In this project we have taken the IPL data from the years 2008 to 2016 and have applied the concepts of Hadoop and implemented in hive
The Indian Premier League (IPL), also known as TATA IPL for sponsorship reasons, is a men's T20 franchise cricket league of India. It is annually contested by ten teams based out of seven Indian cities and three Indian states. The league was founded by the Board of Control for Cricket in India (BCCI) in 2007. Brijesh Patel is the incumbent chairman of IPL. It is usually held annually in summer across India between March to May and has an exclusive window in the ICC Future Tours Programme. The IPL is the most-attended cricket league in the world and in 2014 was ranked sixth by average attendance among all sports leagues. In 2010, the IPL became the first sporting event in the world to be broadcast live on YouTube.
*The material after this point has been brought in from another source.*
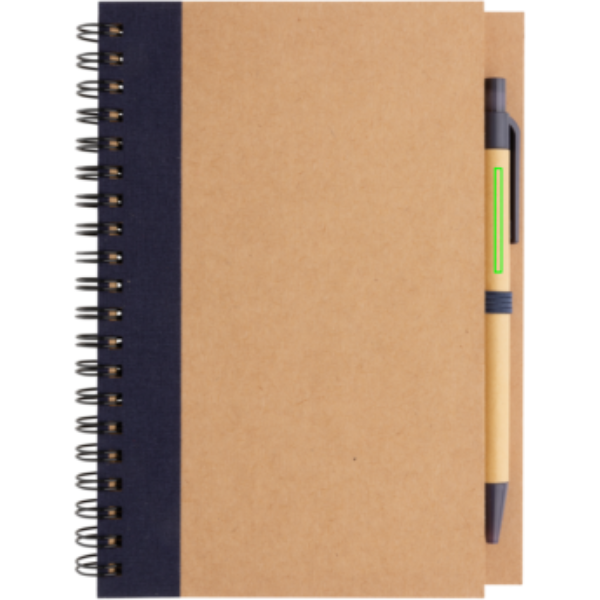 Logotrade kampanjprodukter bild: Spiralbunden anteckningsbok i kraftpapper, med penna
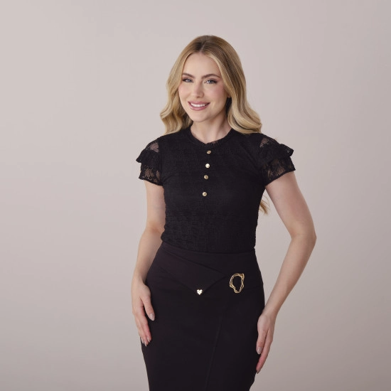 Blusa Silvia Em Renda Chilon Preto Tata Martello Primavera/Verão 2026

Over the course of its run starting from its inaugural season in 2008 till the recently concluded one in 2022, there have been various winners with the franchises of Chennai and Mumbai winning the title multiple times. In this project we have taken the IPL data from the years 2008 to 2016 and have applied the concepts of Hadoop and implemented in hive and pig.
Two cricket data files with Indian Premier League data from 2008 to 2016 is used as a data source. The files are as follows: 1.matches.csv – Provides details about each match played 2.deliveries.csv – Provides details about consolidated deliveries of all the matches
These files are extracted and loaded into Hive. The data is further processed, transformed, and analyzed to get the winner for each season and the top 5 batsmen with maximum run in each season and overall season.
To find the information of certain players and to find the winner of the IPL editions from 2008 to 2016 on the two given datasets and analyse them using hive in Hadoop.